Wednesday, February 22, 2006

DON JOSÉ RIQUELME, UNA VIDA PLENA DE APOYO A LA JUVENTUD

La apuesta la hice con mi amigo Guillermo Cartes.

¿De qué color era la camiseta del Club Deportivo Atlético Dinsur?

Yo dije con seguridad: “igual que la de Boca Juniors, azul con amarillo”.

"No", me dijo mi amigo con acento de duda: “Estoy casi seguro que era azul con blanco”.

Ambos viajábamos en ese momento de Santiago a Penco, en el mismo bus y, por suerte, íbamos de vecinos de asiento. Fue en esa oportunidad, más afortunada aún, que me encontré en una calle de Penco precisamente con don José Riquelme (foto), fundador, presidente, entrenador, tesorero y director de Atlético Dinsur. Una ocasión extraordinaria, pensé, para resolver la apuesta. Después de muchos años, estreché su mano, y le lancé la pregunta:

¿Verdad que la camiseta del club es igual a la de Boca?
Don José Riquelme, fundador del club Atlético.

Don José sonrió, como diciendo qué mala memoria tiene usted, y me respondió. “No, es blanca con azul”.

Perdí la apuesta.

Esta es la anécdota. La pena es que me impuse que don José dejó de existir este verano después de una vida plenísima de creatividad y de acciones en favor de los jóvenes. No cultivó el alto perfil, fue siempre muy modesto, pero en Penco no hay nadie que no lo haya conocido.

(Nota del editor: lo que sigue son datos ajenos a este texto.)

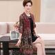 春夏装新款两件套复古印花雪纺衫中长款中年女装时尚套装大码外套

Don José Riquelme fue mi vecino en calle Alcázar. Su casa era la sede de Atlético Dinsur, un club a lo grande, como él lo soñaba, puesto que consiguió matricularlo en la entonces Asociación Central de Fútbol. Era un club FIFA.

Él tenía un defecto físico que le impedía jugar a la pelota, pero se realizaba en el desempeño de sus jugadores. Yo vestí esa camiseta, en el puesto de nueve de la segunda infantil. Como el programa futbolístico del fin de semana se iniciaba con el partido de mi categoría: tenía la fortuna de ponérmela sequita y limpia. Los de la primera infantil y de la juvenil, ya no podían decir lo mismo. Él nos animaba desde el borde de la cancha y desde allí operaba los cambios.

Nuestros rivales eran Fanazola, Coquimbo Crav, Gente de Mar, etc. Atlético obtuvo varias copas, que brillaban en la ventana de la casa de don José.

Otra de sus aficiones era el dibujo. Hacía prolijos “cartoons” sobre fútbol que él publicaba en ediciones muy reducidas, para los amigos.

Era un gran organizador de eventos que creaba él mismo. Una vez cerró la calle donde vivíamos para organizar una fiesta de la primavera en el barrio con elección de reina y rey feo. Recuerdo con Nelly Martínez obtuvo el cetro entre las bellas candidatas. Después, fue un activo impulsor de murgas y disfrazados en carnavales.

Don José era hijo de refinero. Su padre se llamaba Eleuterio y su madre, la señora Icha. Quiero que este artículo sea un reconocimiento a su trabajo y su entusiasmo. Con todo lo que hizo en la vida por los jóvenes jamás recibió un peso. ¿Cómo pudo financiarlo todo? Sólo un mago como don José pudo vencer con su entusiasmo la falta de recursos.

Dos lecciones se pueden sacar de la vida ejemplar de don José. Primero, trabajar para vivir. Se desempeñaba en el economato de Fanaloza. Lo recuerdo muy serio atendiendo público detrás del mostrador, preocupado de respetar el orden de llegada de las personas. Y segunda lección, que dedicó su tiempo libre con toda el alma a realizar sus proyectos personales y sus sueños. Gracias a esa dedicación nació el Atlético Dinsur, la revista con caricaturas, los carnavales, las fiestas con elecciones de reina y lo demás.

Me gustaría que alguien en Penco rescatara el nombre de don José Riquelme y bautice una calle en su honor y en su memoria, sería lo mejor. Ese hombre simple, alegre, sencillo, pujante, de ideas realizables para mantener a los jóvenes alejados de la tentación del vicio, bien se merece un monumento.

Bravo don José, gracias por haber sido su amigo, usted permanecerá siempre en nuestra memoria.

NOTA: Un detalle muy importante me hace notar mi amigo Julio Méndez, después de leer el texto y es que cariñosamente no le decíamos don José, sino don Jose (sin tilde). Valga esta acertada observación y dejo constancia en estas líneas.